There had been some controversy over this. Some folks in town had grown quite attached to the orange plastic stockings that had hung on the poles since the mid-70s. But these had faded badly through time and so the town had decided to get rid of them despite the fuss. Besides, the folks over in nearby Putnam Corner had bought them and anyone who really missed them could go and see them there.

It wasn't really the decorations and the signs of Christmas that distracted Chad, though. It was what they brought to mind -- gifts. He worried endlessly each year over what would be the absolute perfect gift for everyone. From his girlfriend, Deanna Jenkins, to his parents and his nephew and his great aunt. It seemed as if there was so much to do. And Chad felt miserable and oppressed by the long list.

When Chad finally got himself headed the right direction he cruised on over to the dry cleaners where he picked up his suit. He needed the suit for the Christmas pageant at church, which was only a few days away.
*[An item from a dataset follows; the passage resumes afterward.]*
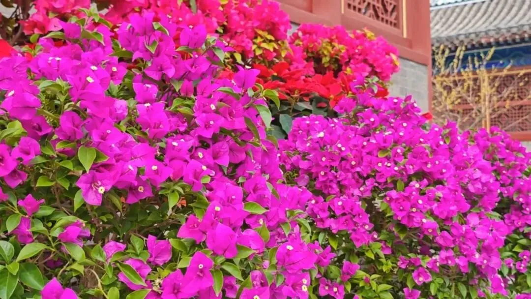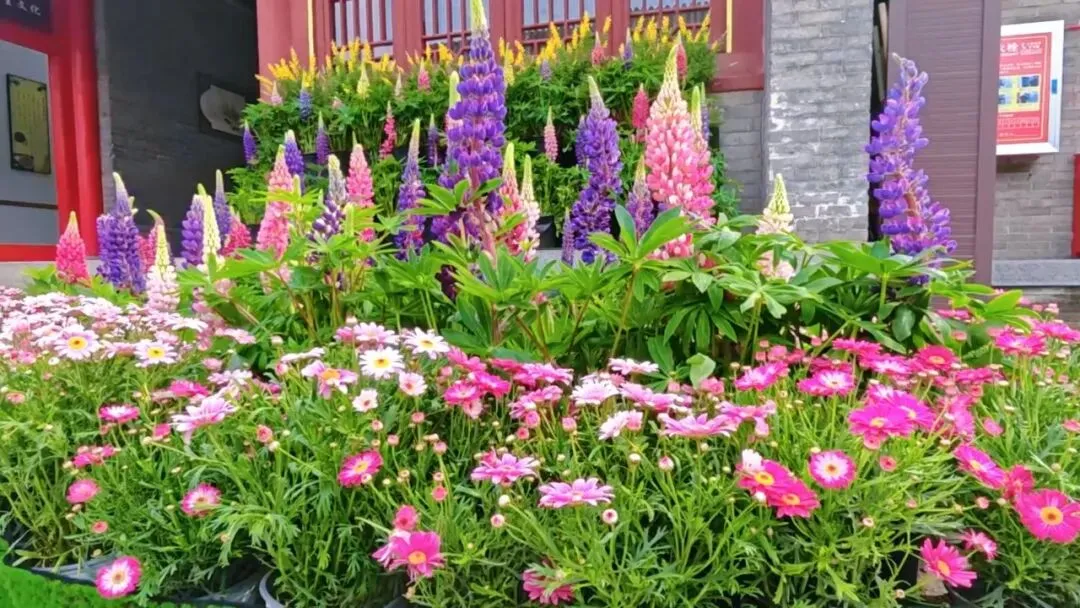 热烈的三角梅、色彩斑斓的鲁冰花、清新的雏菊错落排布,为古建庭院添上鲜活色彩,花藤秋千、造型花架更是打卡出片的绝佳点位!

Chad was the narrator -- an important role -- but in some ways he wished that he were still a shepherd since his bathrobe fit much better than this suit.
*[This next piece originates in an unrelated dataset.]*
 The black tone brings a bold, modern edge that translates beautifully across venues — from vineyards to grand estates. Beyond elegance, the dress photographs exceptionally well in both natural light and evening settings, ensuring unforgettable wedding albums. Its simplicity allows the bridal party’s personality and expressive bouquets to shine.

As he got out of the car, Leander Lovett, the street-sweeper, walked by pushing his little cart. Even Leander had gotten into the spirit of the season, grumpy as he was. His cart was decorated with red and green beer cans which he had picked up and nailed to his cart. And on top of his head was a Santa Claus hat. "Hi, Leander," Chad said.

Leander grumbled something that sounded a little bit like "Hello" and then trundled on down the street.
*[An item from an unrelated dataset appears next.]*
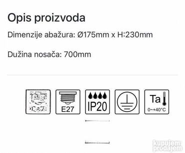 Šifra: 118364 Brend: MITEA Lighting Artikal: Viseća lampa Tip grla: E27 Broj grla: 3 Ready for LED: DA Boja: Crna Radni napon: 220~240V Izvor svetla:3 x max.60W Sij. uključene uz proizvo. : NE IP zaštita: IP20 Stepen električne zaštit. : I klasa Temperatura okoline:0~ +40 ° C Način montaže: Na plafon Dimenzije abažura: Ø175mm x H:230mm Dužina nosača: 700mm

Inside the dry cleaners Everona Tarback was waiting for him. Chad had a slight dread of getting clothes from the cleaners because he knew that not only would he get his clothes, but also Everona's commentary on all the latest county events. Sometimes he got some news tips. Most of the time he just got an earful.

"Well, Chad, I've got your Christmas pageant suit ready for you."

"Everona, how did you know I was wearing this for the Christmas pageant?"

"Had to force it out of Deanna," she said. "You really ought to tell me these things so I don't have to pester your girlfriend like that."

Chad laughed. At least Everona had a good sense of humor. Ten minutes later the subject had turned to Christmas. "Well, Chad, have you seen all the decorations around town?"

"Yeah, and some of them are pretty dangerous. The Popendorfs have decorated the stop sign in front of their place with so many greens you can barely see the sign."

"Well," Everona said, "I hear there are some great light displays out on 628. All except T.P. Tolliver's place. Somebody said he had a bird out in the front lawn and nothing else."

Now, this was news. Micah "T.P." Tolliver was one of Chad's oldest friends and he wasn't the type to let any occasion go by without some kind of dramatic statement -- especially Christmas.

T.P. had gotten his nickname from his habit of wrapping toilet paper around the cars of his latest enemies. It was a habit that began in high school and which he never outgrew. But if T.P. was passionate about his arguments, he was just as passionate about holidays. A good fight was worth about 5 or 6 rolls of colored toilet paper for T.P., but a good celebration was worth about 200 strands of blinking colored lights and a dozen floodlights.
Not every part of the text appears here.